Ajanta Pharma Ltd. is hiring professionals for the role of QC Executive for its pharmaceutical quality control operations located in Pithampur, Madhya Pradesh, India. This full-time opportunity is ideal for candidates with 7 to 9 years of experience in pharmaceutical QC operations, analytical testing workflows, laboratory instrumentation systems, GMP compliance activities, quality documentation, stability testing operations, validation coordination workflows, analytical reporting systems, and regulated pharmaceutical industry environments.
The selected candidate will support quality control and analytical laboratory activities associated with pharmaceutical manufacturing and GMP systems. Responsibilities include performing analytical testing and laboratory operations, maintaining QC records and GMP documentation, operating analytical instruments such as HPLC, GC, UV, and dissolution systems, coordinating with QA and production teams for operational support activities, monitoring testing parameters and laboratory workflows, ensuring adherence to SOP procedures and regulatory standards, preparing laboratory reports and operational documentation, assisting in troubleshooting and QC coordination workflows, participating in stability studies and validation activities, and supporting continuous improvement initiatives related to pharmaceutical quality systems and laboratory operations.
This role offers valuable exposure to pharmaceutical laboratory systems, analytical testing workflows, GMP-regulated operations, quality coordination activities, validation systems, and industrial pharmaceutical environments within a reputed organization. Professionals interested in pharmaceutical quality control careers can strengthen their technical and operational expertise through this opportunity.
Location
Pithampur, Madhya Pradesh, India
Employment Type
Full-time
Salary
Best in Industry
Experience Required
7 to 9 Years
About Ajanta Pharma Ltd.
Ajanta Pharma Ltd. operates in the pharmaceutical industry specializing in pharmaceutical manufacturing systems, analytical laboratory operations, GMP workflows, healthcare product manufacturing, and regulated pharmaceutical services.
Key Responsibilities
Perform analytical testing and quality control activities.
Operate laboratory instruments including HPLC and GC systems.
Maintain QC records and GMP documentation.
Coordinate with QA and production teams.
Monitor testing parameters and laboratory workflows.
Ensure adherence to SOP procedures and regulatory standards.

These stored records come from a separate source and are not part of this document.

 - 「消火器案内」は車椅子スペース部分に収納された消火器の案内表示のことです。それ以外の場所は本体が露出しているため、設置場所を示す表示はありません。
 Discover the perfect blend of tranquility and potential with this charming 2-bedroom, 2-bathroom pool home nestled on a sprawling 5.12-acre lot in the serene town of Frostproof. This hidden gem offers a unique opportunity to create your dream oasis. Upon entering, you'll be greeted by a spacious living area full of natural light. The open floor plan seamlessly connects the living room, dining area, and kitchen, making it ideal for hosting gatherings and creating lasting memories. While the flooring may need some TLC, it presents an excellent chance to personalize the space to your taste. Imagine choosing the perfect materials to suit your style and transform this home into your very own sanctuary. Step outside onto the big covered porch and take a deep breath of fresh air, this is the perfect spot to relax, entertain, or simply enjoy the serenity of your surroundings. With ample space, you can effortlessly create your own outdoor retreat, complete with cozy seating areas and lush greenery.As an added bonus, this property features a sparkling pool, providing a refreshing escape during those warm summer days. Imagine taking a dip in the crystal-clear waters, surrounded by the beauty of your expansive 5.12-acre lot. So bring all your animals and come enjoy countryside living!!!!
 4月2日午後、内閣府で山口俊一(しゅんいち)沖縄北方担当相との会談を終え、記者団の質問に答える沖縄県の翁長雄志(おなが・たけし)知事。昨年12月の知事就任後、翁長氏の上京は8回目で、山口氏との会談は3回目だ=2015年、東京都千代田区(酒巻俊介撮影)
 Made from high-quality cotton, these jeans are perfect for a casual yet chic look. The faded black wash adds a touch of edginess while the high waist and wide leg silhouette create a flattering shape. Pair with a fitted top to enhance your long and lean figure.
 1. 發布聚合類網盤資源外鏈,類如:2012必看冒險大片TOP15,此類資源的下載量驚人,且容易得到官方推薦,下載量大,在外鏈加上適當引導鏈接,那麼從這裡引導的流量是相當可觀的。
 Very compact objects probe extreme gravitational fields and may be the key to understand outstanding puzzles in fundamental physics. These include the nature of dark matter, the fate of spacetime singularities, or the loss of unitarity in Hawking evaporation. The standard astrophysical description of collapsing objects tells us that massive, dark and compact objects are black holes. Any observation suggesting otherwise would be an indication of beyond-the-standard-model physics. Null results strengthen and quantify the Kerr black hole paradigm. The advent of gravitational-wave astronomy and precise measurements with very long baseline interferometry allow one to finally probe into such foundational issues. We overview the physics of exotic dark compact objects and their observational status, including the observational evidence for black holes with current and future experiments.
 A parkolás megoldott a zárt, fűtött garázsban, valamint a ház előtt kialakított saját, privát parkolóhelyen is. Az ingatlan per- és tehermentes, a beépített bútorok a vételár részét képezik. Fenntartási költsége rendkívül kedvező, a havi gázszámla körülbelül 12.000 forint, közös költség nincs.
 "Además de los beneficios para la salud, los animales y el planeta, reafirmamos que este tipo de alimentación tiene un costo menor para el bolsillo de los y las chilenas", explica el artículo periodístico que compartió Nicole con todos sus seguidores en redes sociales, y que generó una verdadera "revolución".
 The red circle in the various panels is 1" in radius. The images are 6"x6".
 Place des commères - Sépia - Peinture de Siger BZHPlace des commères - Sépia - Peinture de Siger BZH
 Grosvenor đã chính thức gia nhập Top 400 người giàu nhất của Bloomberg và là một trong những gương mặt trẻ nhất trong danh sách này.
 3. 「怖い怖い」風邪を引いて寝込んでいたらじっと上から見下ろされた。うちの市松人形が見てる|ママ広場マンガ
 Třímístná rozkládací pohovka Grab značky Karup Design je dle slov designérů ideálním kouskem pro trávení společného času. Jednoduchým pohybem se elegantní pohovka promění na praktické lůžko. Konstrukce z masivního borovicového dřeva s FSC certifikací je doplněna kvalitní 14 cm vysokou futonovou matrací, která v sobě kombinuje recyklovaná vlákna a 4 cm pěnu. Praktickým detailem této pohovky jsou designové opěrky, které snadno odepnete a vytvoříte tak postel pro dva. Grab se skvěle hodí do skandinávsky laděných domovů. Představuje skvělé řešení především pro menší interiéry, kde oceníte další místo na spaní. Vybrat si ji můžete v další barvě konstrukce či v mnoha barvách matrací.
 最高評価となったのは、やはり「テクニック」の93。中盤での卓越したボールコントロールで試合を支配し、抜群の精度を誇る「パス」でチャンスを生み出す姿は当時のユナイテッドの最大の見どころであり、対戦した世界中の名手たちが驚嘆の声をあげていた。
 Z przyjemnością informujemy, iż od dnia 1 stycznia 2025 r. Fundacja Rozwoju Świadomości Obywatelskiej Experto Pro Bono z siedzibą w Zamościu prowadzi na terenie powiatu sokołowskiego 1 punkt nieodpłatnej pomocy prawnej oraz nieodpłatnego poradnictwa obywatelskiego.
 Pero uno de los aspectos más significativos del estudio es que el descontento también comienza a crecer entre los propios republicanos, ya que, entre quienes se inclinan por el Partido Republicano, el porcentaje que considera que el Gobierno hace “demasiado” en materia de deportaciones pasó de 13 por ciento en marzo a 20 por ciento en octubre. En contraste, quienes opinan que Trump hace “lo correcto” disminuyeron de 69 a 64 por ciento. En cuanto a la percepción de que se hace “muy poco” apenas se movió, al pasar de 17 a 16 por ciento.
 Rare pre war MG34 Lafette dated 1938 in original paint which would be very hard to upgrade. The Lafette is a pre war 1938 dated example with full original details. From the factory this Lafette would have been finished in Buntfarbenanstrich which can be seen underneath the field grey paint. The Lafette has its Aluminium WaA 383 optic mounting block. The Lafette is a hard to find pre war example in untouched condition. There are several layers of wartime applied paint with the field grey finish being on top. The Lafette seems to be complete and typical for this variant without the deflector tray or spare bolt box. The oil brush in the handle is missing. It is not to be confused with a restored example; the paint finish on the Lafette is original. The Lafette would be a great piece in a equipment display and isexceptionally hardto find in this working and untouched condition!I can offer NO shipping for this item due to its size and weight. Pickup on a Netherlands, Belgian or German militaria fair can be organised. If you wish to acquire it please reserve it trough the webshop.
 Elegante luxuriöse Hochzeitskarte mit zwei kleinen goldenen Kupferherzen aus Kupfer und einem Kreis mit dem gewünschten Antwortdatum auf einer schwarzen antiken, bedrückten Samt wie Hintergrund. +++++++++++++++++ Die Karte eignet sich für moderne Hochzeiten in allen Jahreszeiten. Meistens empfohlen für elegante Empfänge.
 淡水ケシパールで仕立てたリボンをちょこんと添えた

Prepare laboratory reports and operational documentation.
Support troubleshooting and QC coordination workflows.
Participate in stability studies and validation activities.
Assist in continuous improvement of quality systems.
Required Skills
Strong knowledge of pharmaceutical QC operations.
Understanding of analytical instrumentation and laboratory systems.
Knowledge of GMP and regulatory compliance workflows.
Experience in HPLC, GC, UV, and dissolution testing.
Good analytical and problem-solving abilities.
Strong communication and teamwork skills.
Knowledge of SOP procedures and QC documentation.
Ability to manage laboratory schedules and workflows.
Attention to testing accuracy and compliance standards.
Adaptability to regulated pharmaceutical environments.
Educational Qualification
B.Sc / M.Sc
Industry
Pharmaceutical
Why Join Ajanta Pharma Ltd.?
Ajanta Pharma Ltd. offers professionals opportunities to work in advanced pharmaceutical laboratory environments with exposure to analytical systems, GMP workflows, quality operations, and regulated pharmaceutical manufacturing activities.
How to Apply
Interested candidates can apply through ACKJOBS for this QC Executive opportunity by submitting their updated resume and relevant documents.
Check our website — www.ackjobs.com — regularly for the latest updates in the job market. Join our WhatsApp and social media groups from the website.